> _About this exercise_
Transcribe each entry in full, and leave the images out.

> _Data supplied_

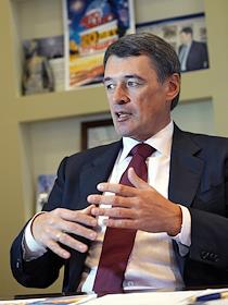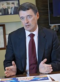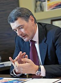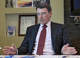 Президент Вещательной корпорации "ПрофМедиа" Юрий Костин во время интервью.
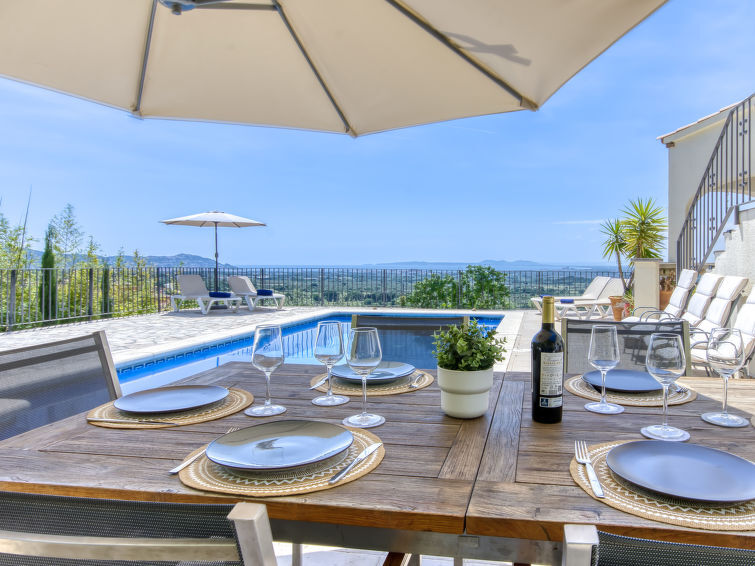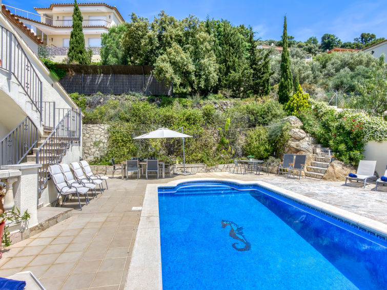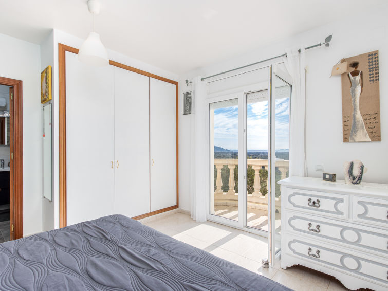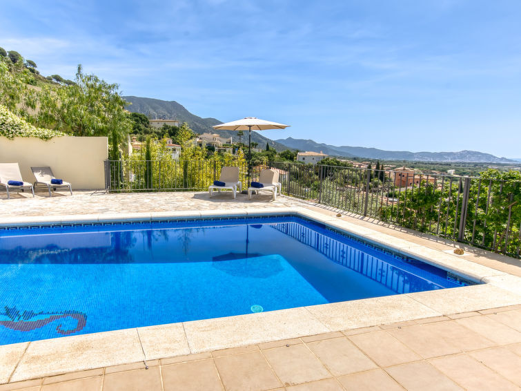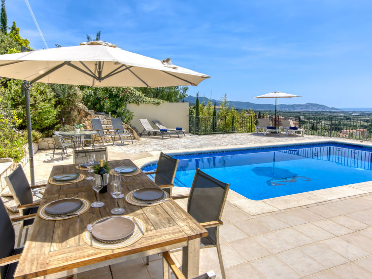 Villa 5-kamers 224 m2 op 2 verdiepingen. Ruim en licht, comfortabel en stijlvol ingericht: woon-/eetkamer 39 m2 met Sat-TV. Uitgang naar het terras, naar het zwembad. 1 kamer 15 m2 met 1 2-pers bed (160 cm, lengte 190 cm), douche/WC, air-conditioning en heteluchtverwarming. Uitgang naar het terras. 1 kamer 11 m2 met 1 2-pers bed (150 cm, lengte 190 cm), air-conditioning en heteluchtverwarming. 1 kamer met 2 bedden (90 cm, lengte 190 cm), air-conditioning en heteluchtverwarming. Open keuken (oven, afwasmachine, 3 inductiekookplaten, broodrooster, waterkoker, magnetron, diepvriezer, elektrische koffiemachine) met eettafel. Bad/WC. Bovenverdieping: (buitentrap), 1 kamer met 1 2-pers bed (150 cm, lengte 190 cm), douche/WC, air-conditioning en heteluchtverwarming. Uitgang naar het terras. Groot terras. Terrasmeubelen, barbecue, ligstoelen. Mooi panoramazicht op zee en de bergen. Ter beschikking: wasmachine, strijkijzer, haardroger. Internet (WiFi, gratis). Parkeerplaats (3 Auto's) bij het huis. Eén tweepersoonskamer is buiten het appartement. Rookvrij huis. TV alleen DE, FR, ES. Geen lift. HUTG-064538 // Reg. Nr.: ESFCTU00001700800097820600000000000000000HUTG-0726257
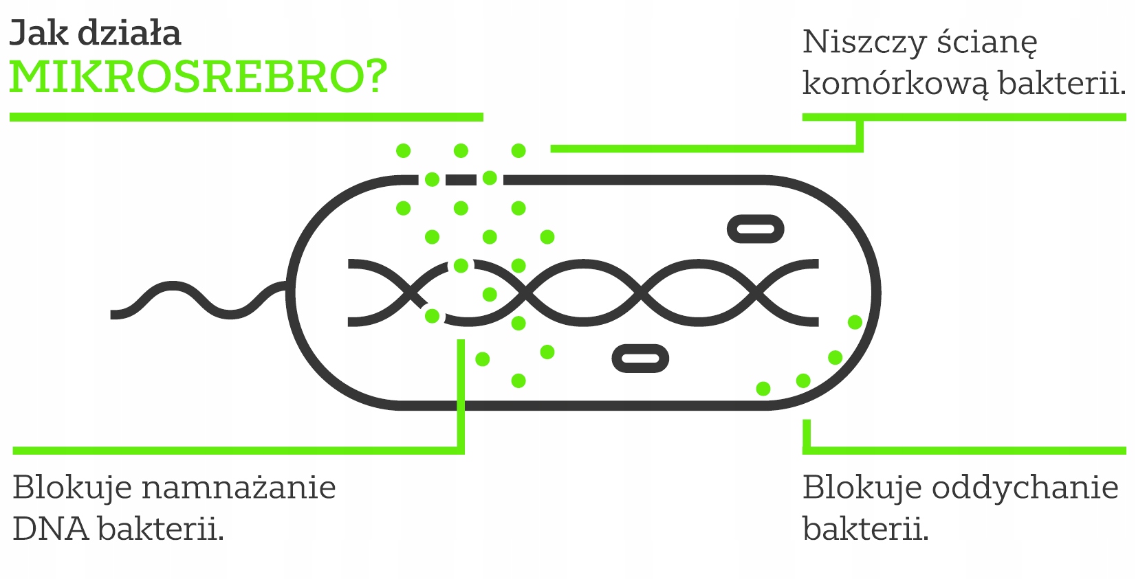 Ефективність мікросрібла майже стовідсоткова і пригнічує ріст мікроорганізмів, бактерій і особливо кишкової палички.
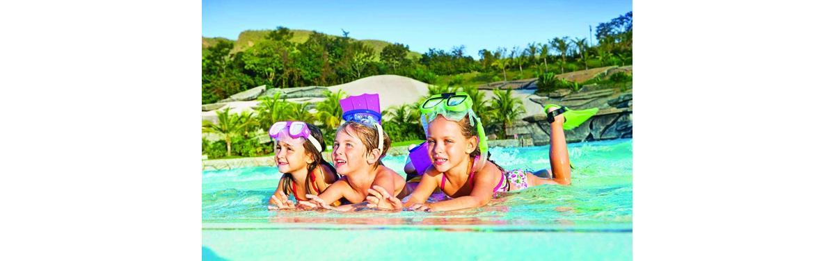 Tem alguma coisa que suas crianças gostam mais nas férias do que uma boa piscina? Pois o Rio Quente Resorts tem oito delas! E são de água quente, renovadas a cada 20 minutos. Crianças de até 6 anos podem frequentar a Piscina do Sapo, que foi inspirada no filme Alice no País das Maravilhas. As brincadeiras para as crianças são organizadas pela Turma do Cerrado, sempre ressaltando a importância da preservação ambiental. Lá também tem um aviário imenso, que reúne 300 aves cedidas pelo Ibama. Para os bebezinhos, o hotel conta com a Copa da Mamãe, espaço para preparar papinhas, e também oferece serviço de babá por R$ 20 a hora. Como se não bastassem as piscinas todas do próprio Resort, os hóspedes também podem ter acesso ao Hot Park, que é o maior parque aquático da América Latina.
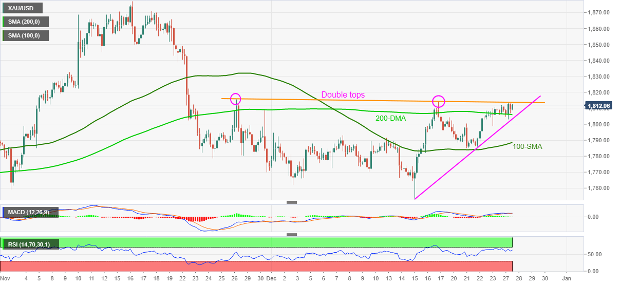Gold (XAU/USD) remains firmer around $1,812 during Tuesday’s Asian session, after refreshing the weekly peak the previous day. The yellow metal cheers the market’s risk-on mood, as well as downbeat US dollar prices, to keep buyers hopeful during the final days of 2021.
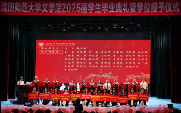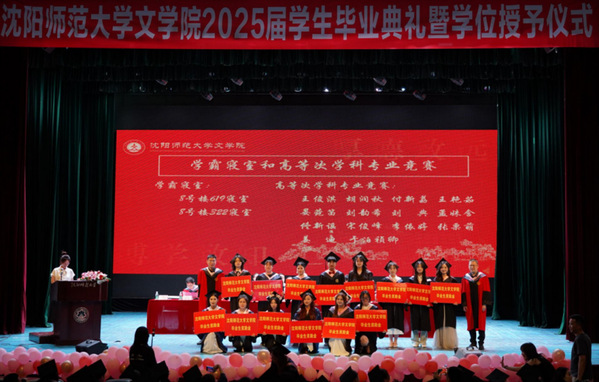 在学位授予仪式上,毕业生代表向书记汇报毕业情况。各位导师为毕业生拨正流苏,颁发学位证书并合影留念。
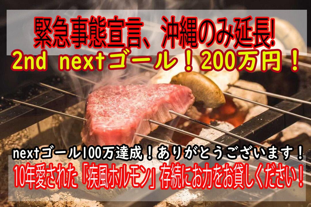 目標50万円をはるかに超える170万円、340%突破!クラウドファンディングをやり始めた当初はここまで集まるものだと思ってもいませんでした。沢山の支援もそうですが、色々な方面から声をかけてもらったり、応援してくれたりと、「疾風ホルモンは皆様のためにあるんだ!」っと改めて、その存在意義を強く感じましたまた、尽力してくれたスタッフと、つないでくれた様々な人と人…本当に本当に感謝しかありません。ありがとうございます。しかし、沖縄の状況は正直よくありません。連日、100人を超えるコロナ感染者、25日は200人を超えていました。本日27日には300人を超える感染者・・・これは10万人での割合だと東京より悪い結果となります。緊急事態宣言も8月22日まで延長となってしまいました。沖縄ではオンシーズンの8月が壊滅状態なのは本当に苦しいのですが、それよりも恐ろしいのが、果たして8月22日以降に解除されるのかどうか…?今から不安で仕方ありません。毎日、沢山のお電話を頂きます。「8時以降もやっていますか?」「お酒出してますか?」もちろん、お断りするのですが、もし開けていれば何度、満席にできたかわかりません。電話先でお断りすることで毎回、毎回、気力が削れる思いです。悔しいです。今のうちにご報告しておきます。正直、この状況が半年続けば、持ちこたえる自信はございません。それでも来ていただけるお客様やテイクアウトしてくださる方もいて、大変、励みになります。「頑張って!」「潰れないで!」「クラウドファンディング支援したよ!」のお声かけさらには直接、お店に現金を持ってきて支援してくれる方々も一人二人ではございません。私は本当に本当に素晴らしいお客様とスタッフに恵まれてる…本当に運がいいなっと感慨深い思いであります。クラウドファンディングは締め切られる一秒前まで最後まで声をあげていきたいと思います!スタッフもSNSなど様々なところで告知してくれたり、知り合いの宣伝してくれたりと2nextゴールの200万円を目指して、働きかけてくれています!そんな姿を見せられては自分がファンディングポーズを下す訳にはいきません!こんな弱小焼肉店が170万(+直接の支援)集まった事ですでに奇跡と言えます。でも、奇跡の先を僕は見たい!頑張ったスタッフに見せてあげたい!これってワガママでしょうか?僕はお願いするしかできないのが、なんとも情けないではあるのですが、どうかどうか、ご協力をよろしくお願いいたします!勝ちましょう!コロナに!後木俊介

> _Solution for this task_
 Президент Вещательной корпорации "ПрофМедиа" Юрий Костин во время интервью.
 Villa 5-kamers 224 m2 op 2 verdiepingen. Ruim en licht, comfortabel en stijlvol ingericht: woon-/eetkamer 39 m2 met Sat-TV. Uitgang naar het terras, naar het zwembad. 1 kamer 15 m2 met 1 2-pers bed (160 cm, lengte 190 cm), douche/WC, air-conditioning en heteluchtverwarming. Uitgang naar het terras. 1 kamer 11 m2 met 1 2-pers bed (150 cm, lengte 190 cm), air-conditioning en heteluchtverwarming. 1 kamer met 2 bedden (90 cm, lengte 190 cm), air-conditioning en heteluchtverwarming. Open keuken (oven, afwasmachine, 3 inductiekookplaten, broodrooster, waterkoker, magnetron, diepvriezer, elektrische koffiemachine) met eettafel. Bad/WC. Bovenverdieping: (buitentrap), 1 kamer met 1 2-pers bed (150 cm, lengte 190 cm), douche/WC, air-conditioning en heteluchtverwarming. Uitgang naar het terras. Groot terras. Terrasmeubelen, barbecue, ligstoelen. Mooi panoramazicht op zee en de bergen. Ter beschikking: wasmachine, strijkijzer, haardroger. Internet (WiFi, gratis). Parkeerplaats (3 Auto's) bij het huis. Eén tweepersoonskamer is buiten het appartement. Rookvrij huis. TV alleen DE, FR, ES. Geen lift. HUTG-064538 // Reg. Nr.: ESFCTU00001700800097820600000000000000000HUTG-0726257
 Ефективність мікросрібла майже стовідсоткова і пригнічує ріст мікроорганізмів, бактерій і особливо кишкової палички.
 Tem alguma coisa que suas crianças gostam mais nas férias do que uma boa piscina? Pois o Rio Quente Resorts tem oito delas! E são de água quente, renovadas a cada 20 minutos. Crianças de até 6 anos podem frequentar a Piscina do Sapo, que foi inspirada no filme Alice no País das Maravilhas. As brincadeiras para as crianças são organizadas pela Turma do Cerrado, sempre ressaltando a importância da preservação ambiental. Lá também tem um aviário imenso, que reúne 300 aves cedidas pelo Ibama. Para os bebezinhos, o hotel conta com a Copa da Mamãe, espaço para preparar papinhas, e também oferece serviço de babá por R$ 20 a hora. Como se não bastassem as piscinas todas do próprio Resort, os hóspedes também podem ter acesso ao Hot Park, que é o maior parque aquático da América Latina.
Gold (XAU/USD) remains firmer around $1,812 during Tuesday’s Asian session, after refreshing the weekly peak the previous day. The yellow metal cheers the market’s risk-on mood, as well as downbeat US dollar prices, to keep buyers hopeful during the final days of 2021.
 在学位授予仪式上,毕业生代表向书记汇报毕业情况。各位导师为毕业生拨正流苏,颁发学位证书并合影留念。
 目標50万円をはるかに超える170万円、340%突破!クラウドファンディングをやり始めた当初はここまで集まるものだと思ってもいませんでした。沢山の支援もそうですが、色々な方面から声をかけてもらったり、応援してくれたりと、「疾風ホルモンは皆様のためにあるんだ!」っと改めて、その存在意義を強く感じましたまた、尽力してくれたスタッフと、つないでくれた様々な人と人…本当に本当に感謝しかありません。ありがとうございます。しかし、沖縄の状況は正直よくありません。連日、100人を超えるコロナ感染者、25日は200人を超えていました。本日27日には300人を超える感染者・・・これは10万人での割合だと東京より悪い結果となります。緊急事態宣言も8月22日まで延長となってしまいました。沖縄ではオンシーズンの8月が壊滅状態なのは本当に苦しいのですが、それよりも恐ろしいのが、果たして8月22日以降に解除されるのかどうか…?今から不安で仕方ありません。毎日、沢山のお電話を頂きます。「8時以降もやっていますか?」「お酒出してますか?」もちろん、お断りするのですが、もし開けていれば何度、満席にできたかわかりません。電話先でお断りすることで毎回、毎回、気力が削れる思いです。悔しいです。今のうちにご報告しておきます。正直、この状況が半年続けば、持ちこたえる自信はございません。それでも来ていただけるお客様やテイクアウトしてくださる方もいて、大変、励みになります。「頑張って!」「潰れないで!」「クラウドファンディング支援したよ!」のお声かけさらには直接、お店に現金を持ってきて支援してくれる方々も一人二人ではございません。私は本当に本当に素晴らしいお客様とスタッフに恵まれてる…本当に運がいいなっと感慨深い思いであります。クラウドファンディングは締め切られる一秒前まで最後まで声をあげていきたいと思います!スタッフもSNSなど様々なところで告知してくれたり、知り合いの宣伝してくれたりと2nextゴールの200万円を目指して、働きかけてくれています!そんな姿を見せられては自分がファンディングポーズを下す訳にはいきません!こんな弱小焼肉店が170万(+直接の支援)集まった事ですでに奇跡と言えます。でも、奇跡の先を僕は見たい!頑張ったスタッフに見せてあげたい!これってワガママでしょうか?僕はお願いするしかできないのが、なんとも情けないではあるのですが、どうかどうか、ご協力をよろしくお願いいたします!勝ちましょう!コロナに!後木俊介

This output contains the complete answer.